### Supplied data ###
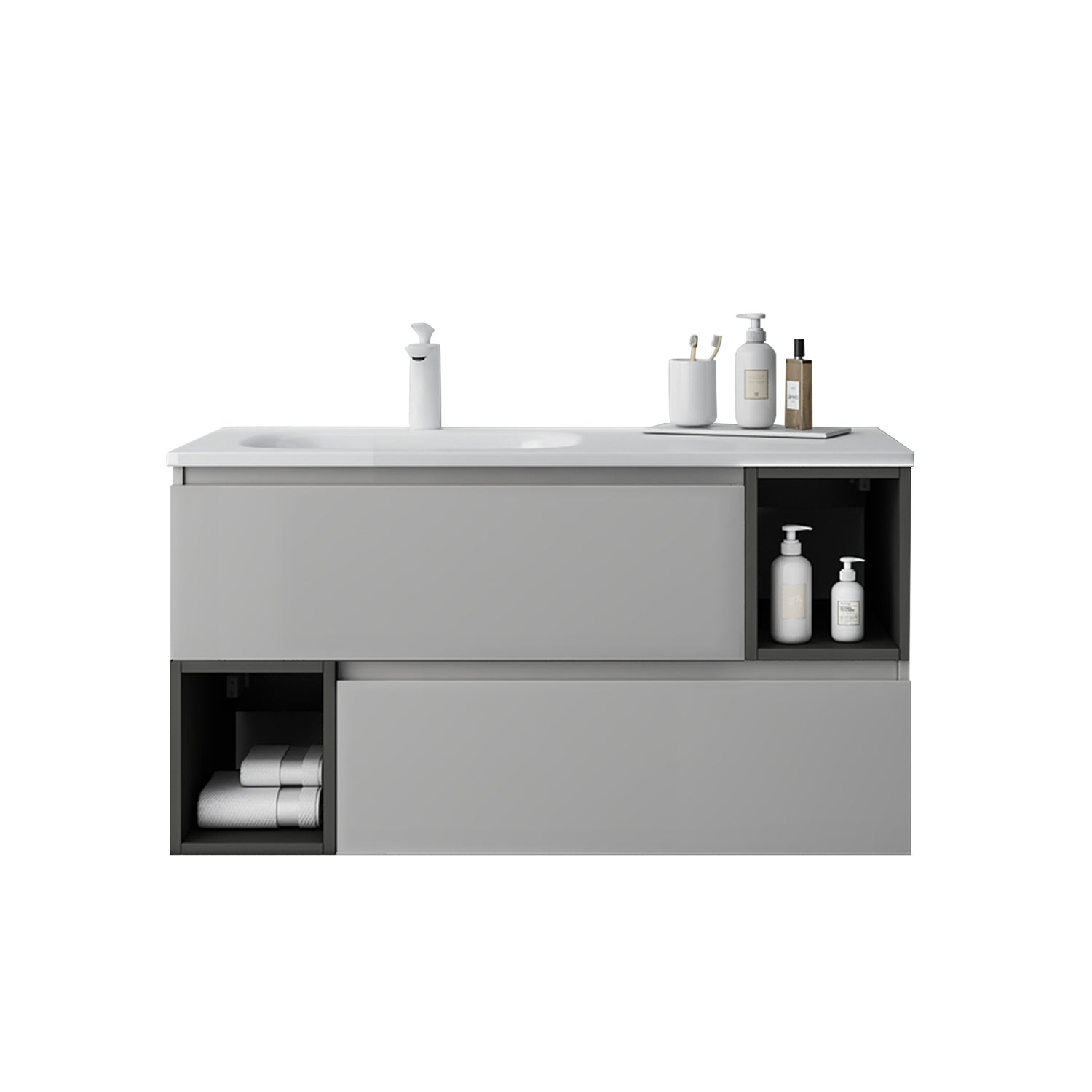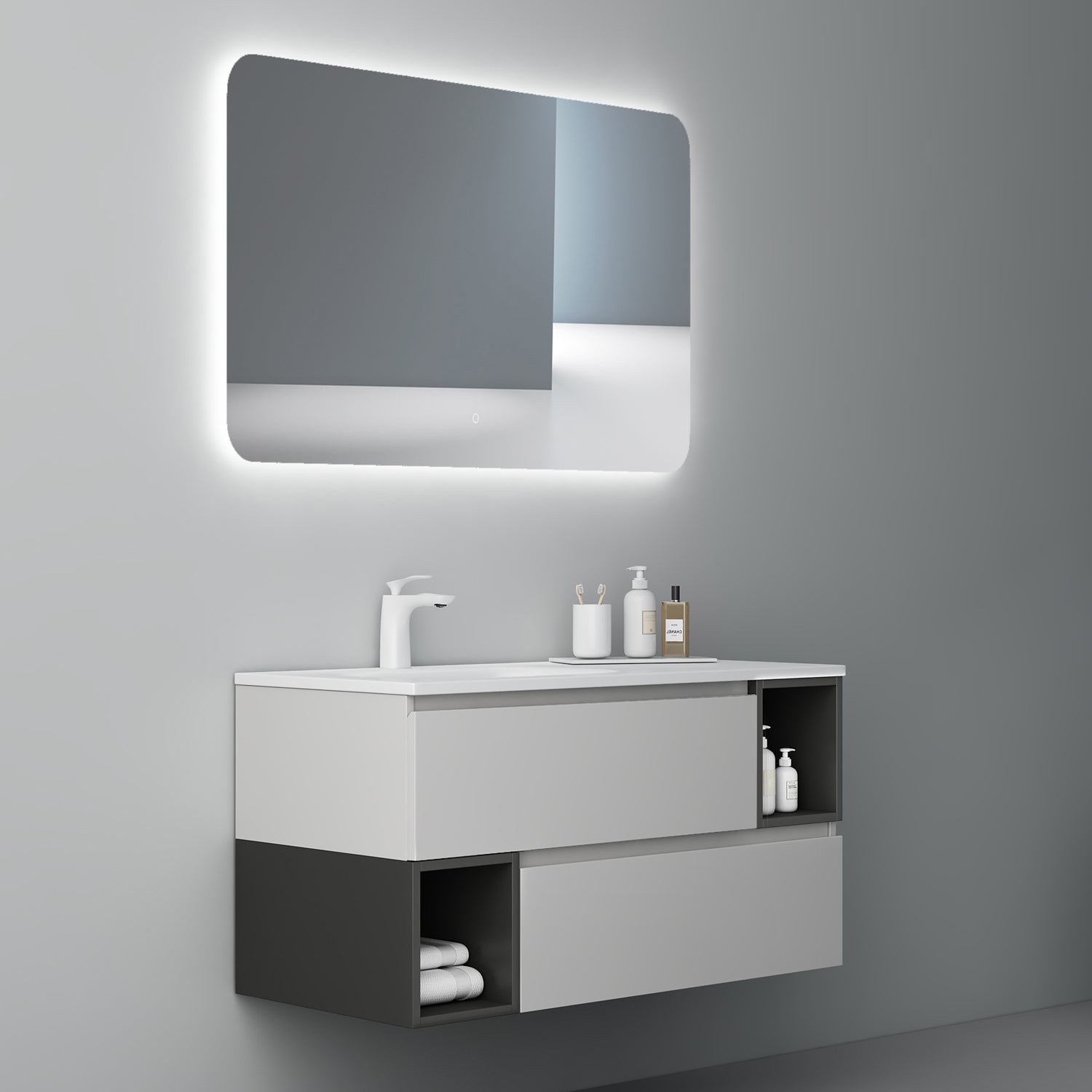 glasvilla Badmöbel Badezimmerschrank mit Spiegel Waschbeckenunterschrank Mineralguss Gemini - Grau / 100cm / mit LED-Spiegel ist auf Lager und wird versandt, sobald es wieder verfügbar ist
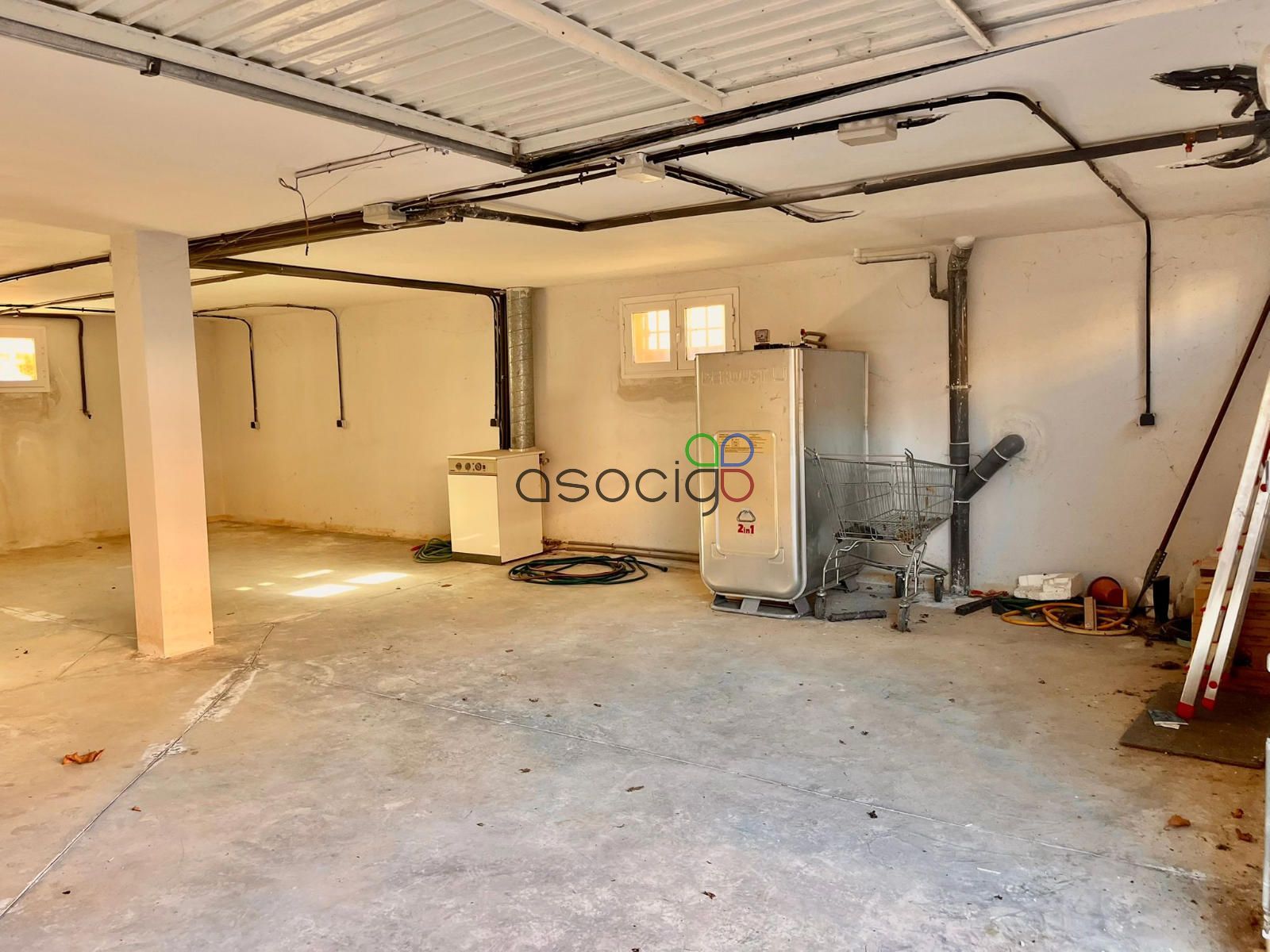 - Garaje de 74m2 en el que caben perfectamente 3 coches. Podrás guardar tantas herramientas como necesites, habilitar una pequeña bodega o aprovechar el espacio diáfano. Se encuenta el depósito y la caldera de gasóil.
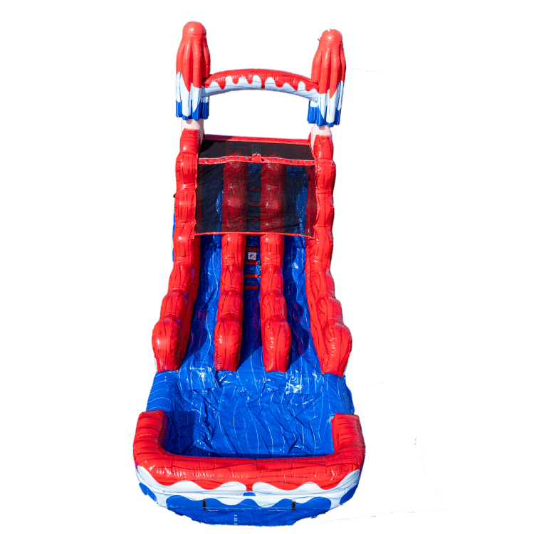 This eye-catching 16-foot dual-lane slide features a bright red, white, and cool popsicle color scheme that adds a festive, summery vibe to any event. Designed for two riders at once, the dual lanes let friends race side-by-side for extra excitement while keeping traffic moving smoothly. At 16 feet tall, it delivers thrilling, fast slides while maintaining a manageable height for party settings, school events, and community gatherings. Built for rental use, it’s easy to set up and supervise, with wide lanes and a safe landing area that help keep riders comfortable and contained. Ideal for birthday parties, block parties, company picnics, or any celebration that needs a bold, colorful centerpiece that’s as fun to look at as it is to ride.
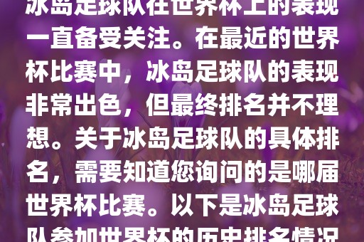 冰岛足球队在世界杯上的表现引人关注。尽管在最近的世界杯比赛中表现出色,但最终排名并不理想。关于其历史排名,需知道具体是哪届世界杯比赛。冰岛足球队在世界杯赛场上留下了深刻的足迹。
###
Task statement:
Please copy exactly the lines from the one that contains "This eye-catching 16-foot" through the last line of the listing above, leaving out the pictures.

Result:
 This eye-catching 16-foot dual-lane slide features a bright red, white, and cool popsicle color scheme that adds a festive, summery vibe to any event. Designed for two riders at once, the dual lanes let friends race side-by-side for extra excitement while keeping traffic moving smoothly. At 16 feet tall, it delivers thrilling, fast slides while maintaining a manageable height for party settings, school events, and community gatherings. Built for rental use, it’s easy to set up and supervise, with wide lanes and a safe landing area that help keep riders comfortable and contained. Ideal for birthday parties, block parties, company picnics, or any celebration that needs a bold, colorful centerpiece that’s as fun to look at as it is to ride.
 冰岛足球队在世界杯上的表现引人关注。尽管在最近的世界杯比赛中表现出色,但最终排名并不理想。关于其历史排名,需知道具体是哪届世界杯比赛。冰岛足球队在世界杯赛场上留下了深刻的足迹。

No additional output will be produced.